Aims: A series of six 4-benzylidene-2-((1-phenyl-3,4-dihydro isoquinoline-2(1H)-yl)methyloxazol- 5(4H)-one derivatives were synthesized by condensation of substituted aryl aldehydes with 2-(2-(1-phenyl-3,4- dihydro isoquinoline-2(1H)-acetamido)acetic acid in the presence of sodium acetate, acetic anhydride and zinc oxide as catalysts.

Background: Novel Synthesis of 4-Benzylidene-2-((1-phenyl-3,4-dihy droisoquinoline-2(1H)-yl)methyl)oxazol- 5(4H)-one derivatives using 1,2,3,Tetrahydroisoquinoline and their antimicrobial activity.
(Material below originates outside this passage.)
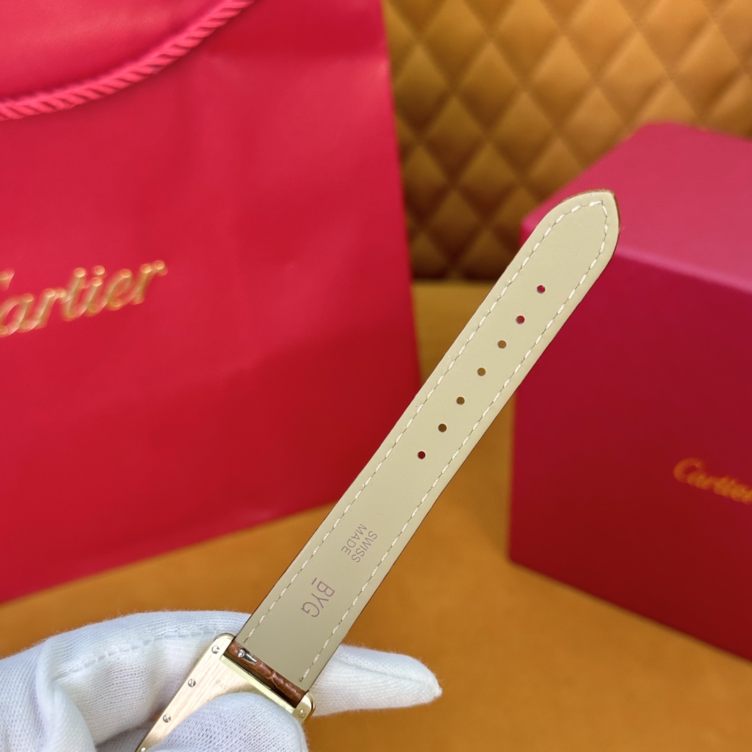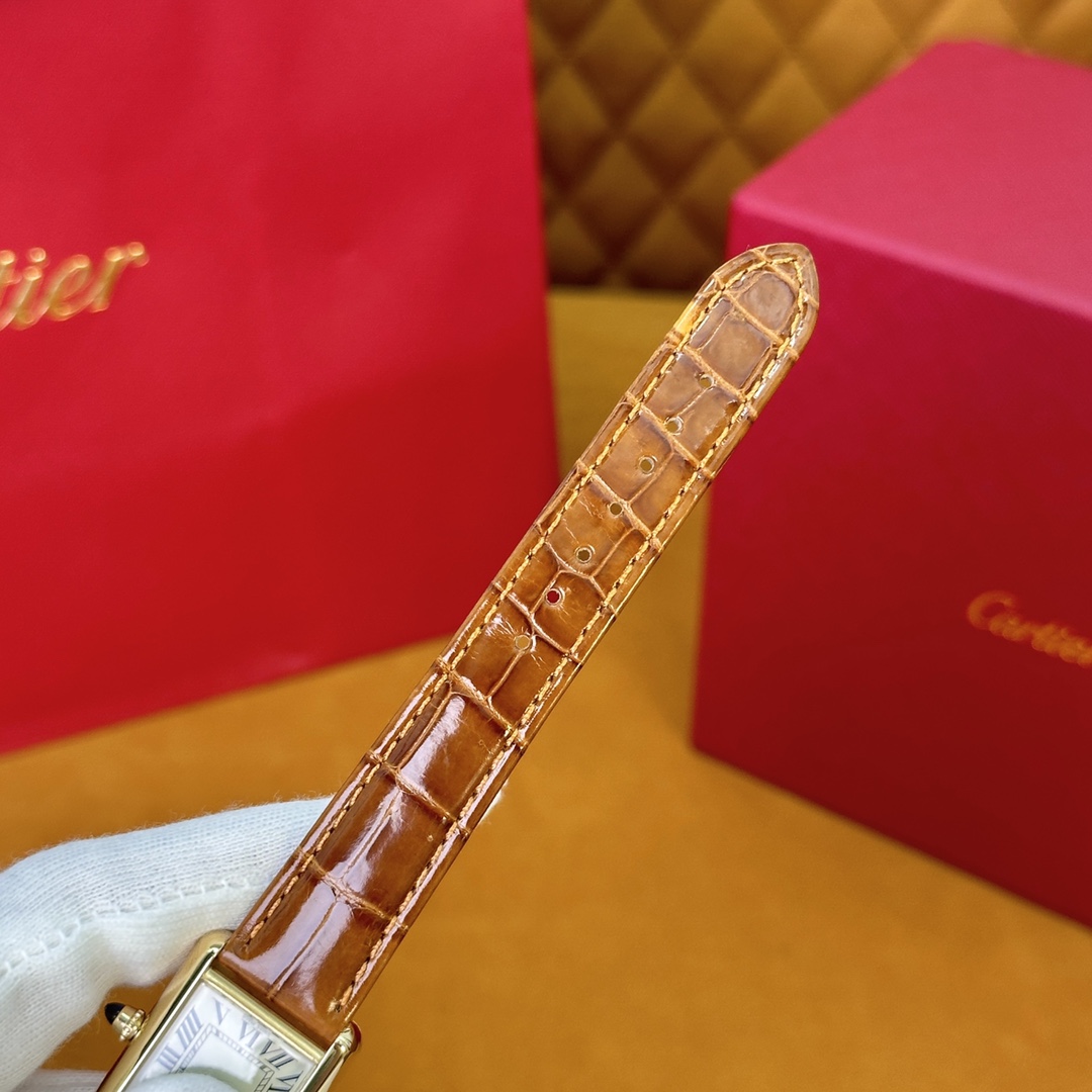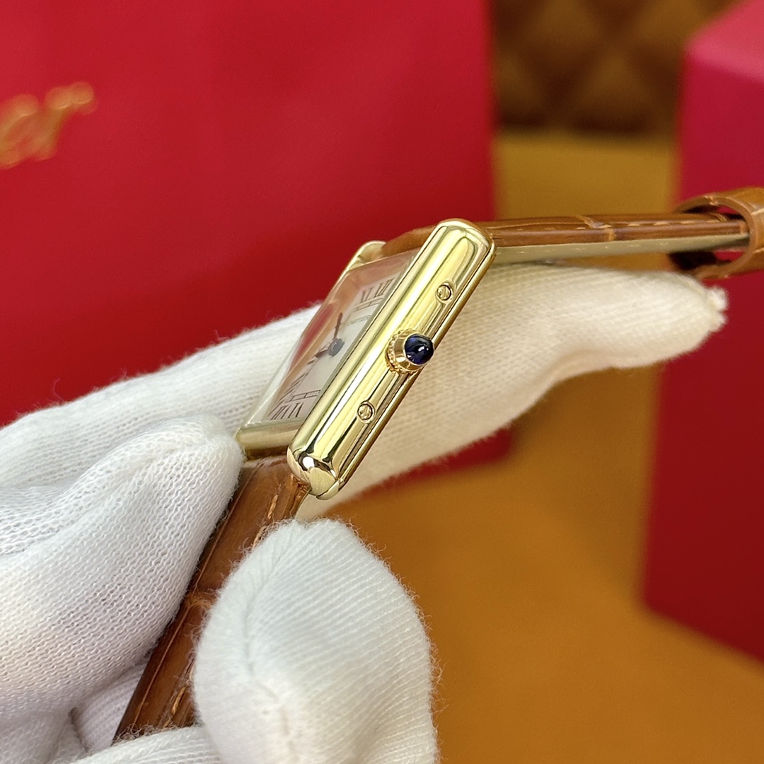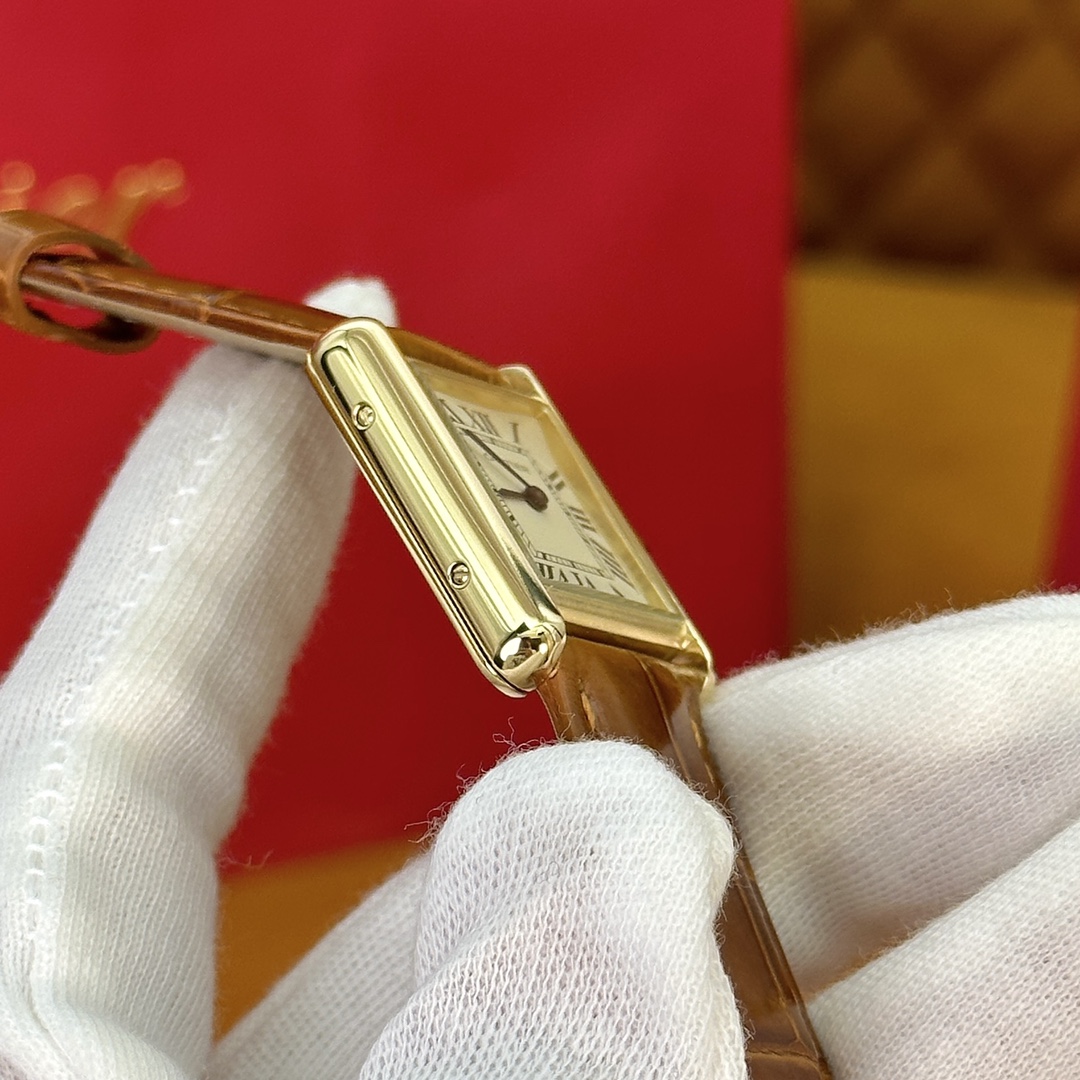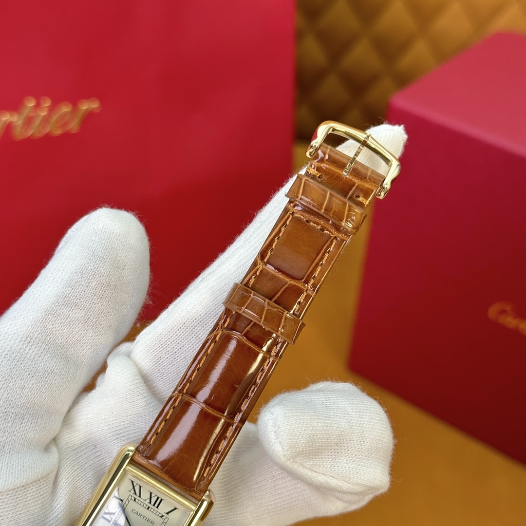 🏷️坦克系列 型号:W1529856 原版石英瑞士进口超薄高效能机芯 # 采用18K黄金表壳,珠光镀银白色方形表盘,瑞士剑形指针,特别完美,针轴光亮!针轴也是符合瑞士工艺要求,印字特别清晰,刻字完美,防刮损防指纹蓝水晶玻璃,生活防水。 表冠纤细,倒角打磨的特别精细~镶嵌一颗凸圆形合成尖晶石! 棕黄色鳄鱼皮表带-可拆卸替换式表带,与原版一致的快拆表带装置 多种颜色皮带和钢带都可以互相替换,拆卸简单易操作。 尺寸:22X29.5mm

Objective: The title compounds can be synthesized from 1,2,3,4-tetrahydroisoquinoline.

Methods: The target molecules, i.e., 4-benzylidene-2-((1-phenyl-3, 4-dihydro isoquinoline-2(1H)-yl) methyl) oxazol-5(4H)-one derivatives (8a-8f) have been synthesized from 1,2,3,4-tetrahydroisoquinoline which was prepared from benzoic acid in few steps.
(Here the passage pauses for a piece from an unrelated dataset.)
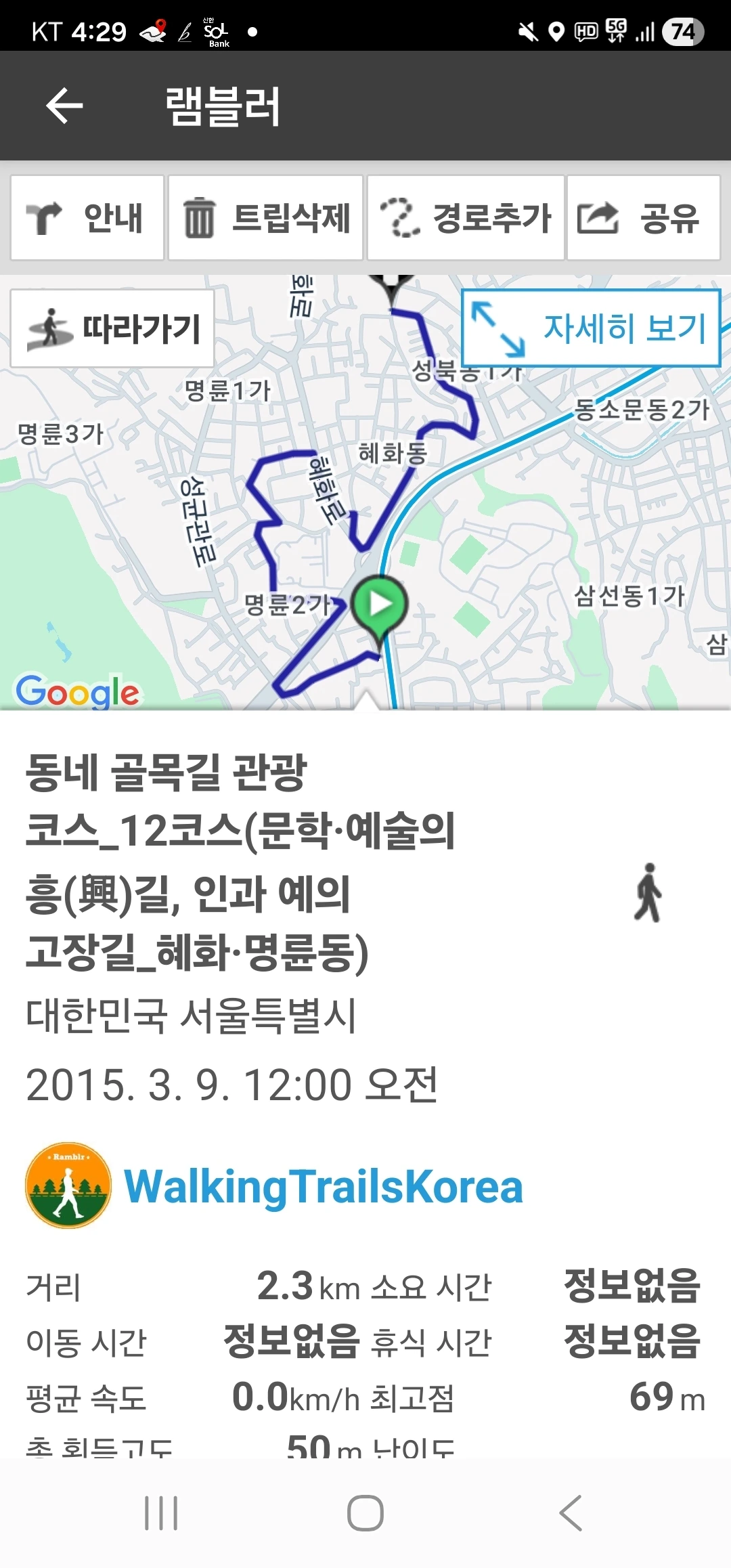 혜화동과 명륜동을 걷는 동네골목길관광은 12코스다. 코스의 별칭은 '문학•예술의 흥길, 인과 예의 고장'이다. 2.4km라 비교적 짧으나 기대만큼 볼거리가 많지는 않다. 아마도 주택가로 개발이 되어서 그런가 보다. 오늘은 역방향으로 걸었다. 2.4km로 30분이면 걷는다. 다만 원래는 종착점이며 오늘의 출발점까지 이동시간이 있으니 여유 있게 한 시간 예상해야 한다.

Results: All the six compounds were evaluated based on advanced spectral data (1H NMR, 13C NMR & LCMS), and the chemical structures of all compounds were determined by elemental analysis.
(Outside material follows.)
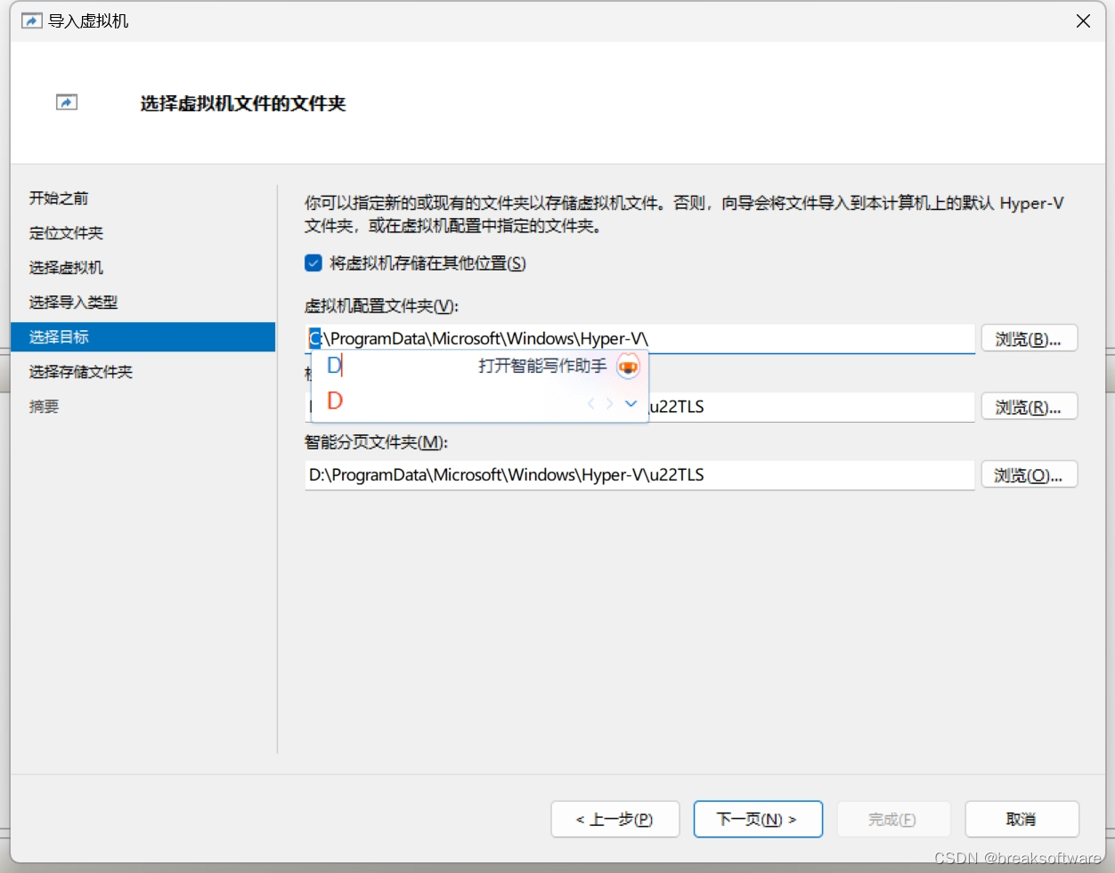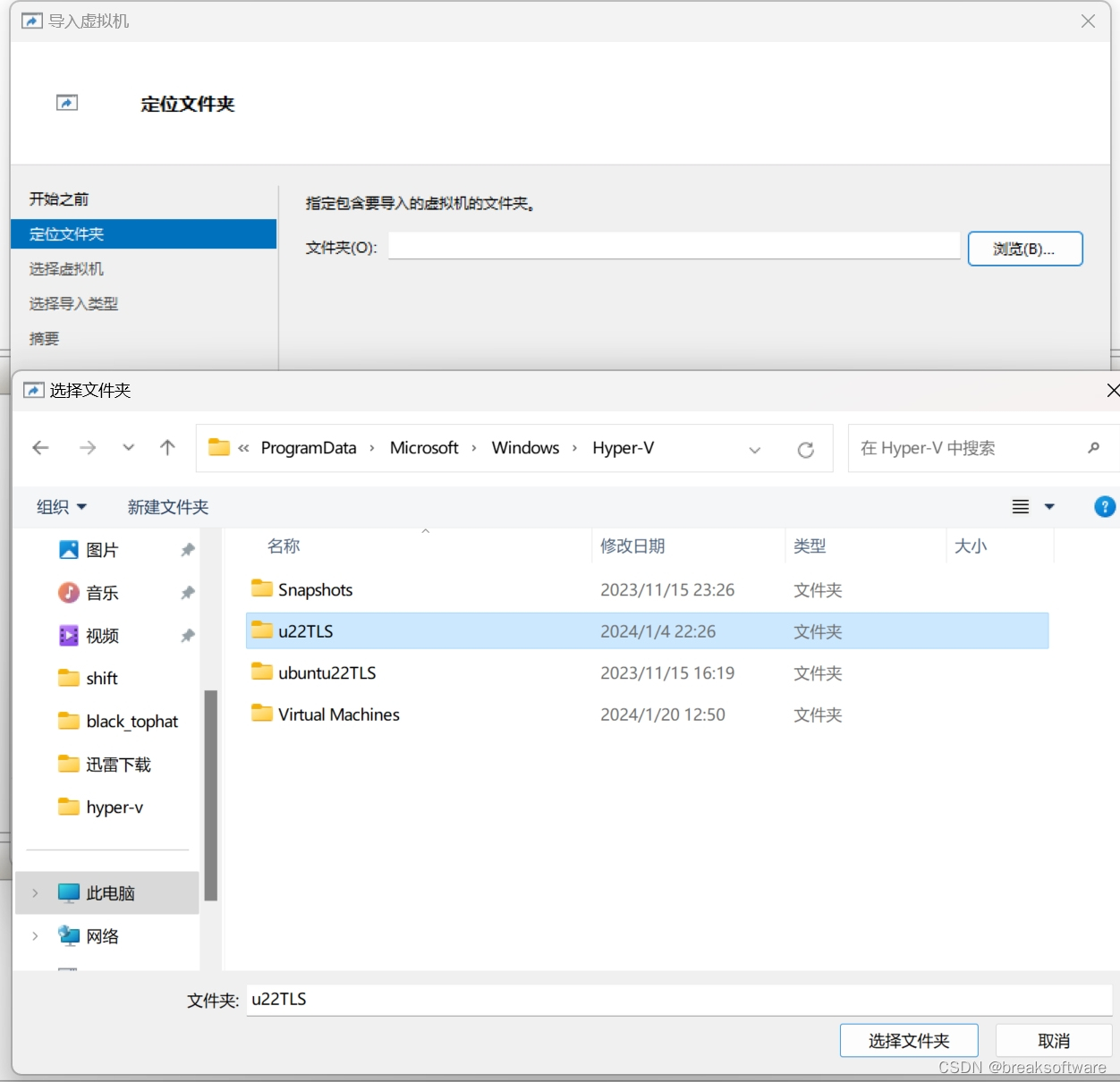 注意选择虚拟机的文件夹,这儿选择到Hyper-V目录下一级即可,不可以多也不可以少。

Conclusion: Antibacterial activity of the derivatives was examined for the synthesized compounds and results indicate that compound with bromine substitution has a good activity profile.

目的：通过取代的芳基醛缩合，合成了一系列的六个4-亚苄基-2-（（（1-苯基-3,4-二氢异喹啉-2（1H）-基）甲基恶唑-5（4H）-一）衍生物在乙酸钠，乙酸酐和氧化锌作为催化剂存在下的2-（2-（1-苯基-3,4-二氢异喹啉-2（1H）-乙酰氨基）乙酸。

背景：使用1,2,3，四氢异喹啉新颖合成4-苄叉基-2-（（1-苯基-3,4-二氢droisoquinoline-2（1H）-基）甲基）恶唑-5（4H）-一衍生物及其抗菌活性。

目的：可由1,2,3,4-四氢异喹啉合成标题化合物。

方法：目标分子，即4-亚苄基-2-（（（1-苯基-3，4-二氢异喹啉-2（1H）-基）甲基）恶唑-5（4H）-一衍生物（8a-8f）已经由1,2,3,4-四氢异喹啉合成，它是由苯甲酸在几个步骤中制备的。

结果：根据先进的光谱数据（1H NMR，13C NMR和LCMS）对所有6种化合物进行了评估，并通过元素分析确定了所有化合物的化学结构。

结论：检测了该衍生物对合成化合物的抗菌活性，结果表明具有溴取代基的化合物具有良好的活性。